Here is my entry for Granny Shot It’s Bird of the Day (BOTD) challenge.
The Red-Headed Woodpecker is a 7.5″-9″ species of woodpecker that lives & breeds mainly in most of the eastern & northern United States. They have been known to migrate to Texas & Louisiana during the winter months in loose flocks. They often move during the daytime in the fall & the night time in the spring. The migration is dependent on how well the acorn & beech nut crops are. They breed in woodlands of oak & beech trees where trees are dead or dying. They will often use snags that have lost most of its bark to deter snakes. Dying trees provide plenty of insects and the capability to build a cavity for a nest. The male builds a nest from an existing hole of his choosing. The female may tap around it when she approves of his handy work. They have also been known to build nests in utility poles. Unlike many other woodpeckers, the Red-Headed Woodpecker often uses the same nest cavity for several years before moving on to the next. They will have 1-2 broods a year and the female will lay 3-10 eggs that are 1″ (2.5 cm) long x .8″ (1.9 cm) wide. The eggs are pure white and hatch between day 12-14. The new chicks will fledge after about a month.
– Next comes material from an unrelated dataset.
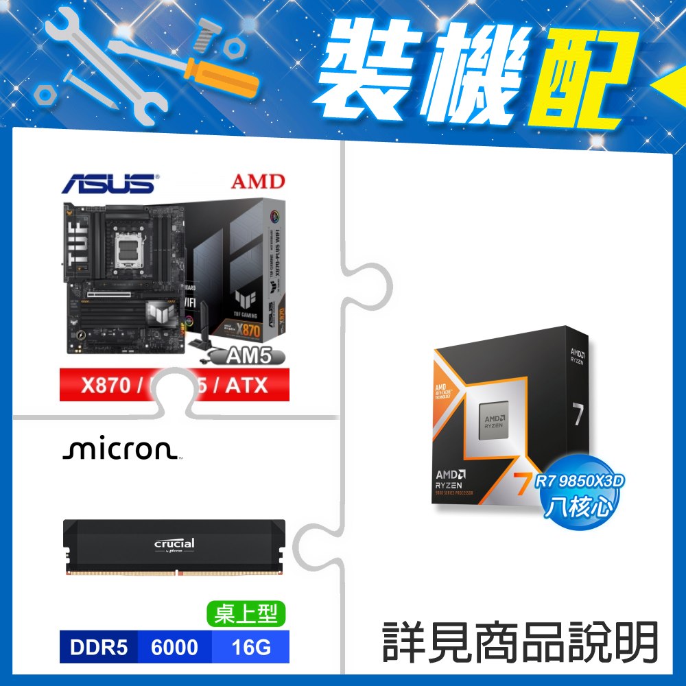 ☆裝機配★ AMD R7 9850X3D+華碩 TUF GAMING X870-PLUS WIFI ATX主機板+美光 Crucial PRO DDR5-6000 16G 記憶體

From 1966-2014, there was more than a 2% decline per year and a cumulative decline of 70% in the span of those 48 years. The population is making a slow progression back & was rated as “least concern” in 2018…downlisted from “near threatened” on the International Union for Conservation of Nature Red List. The decline was mostly due to the destruction of habitat and conservationists have had a loud voice in the past decade. Predators of all sizes & shapes don’t help the baby boom either.
We had a Red-Headed Woodpecker living in a tree at the end of our street for 3 years. Hurricane Matthew took down the tree as it was on its way to being dead. We haven’t seen the woodpecker since. It was too bad. We got used to seeing him return year after year. He was a male breeding just like the photo above. The image above was taken about 4 miles from here in a neighborhood community park.
If you haven’t seen this bird, I hope you do someday. The male in breeding colors is one of the most distinct birds you will ever see. Happy Birding!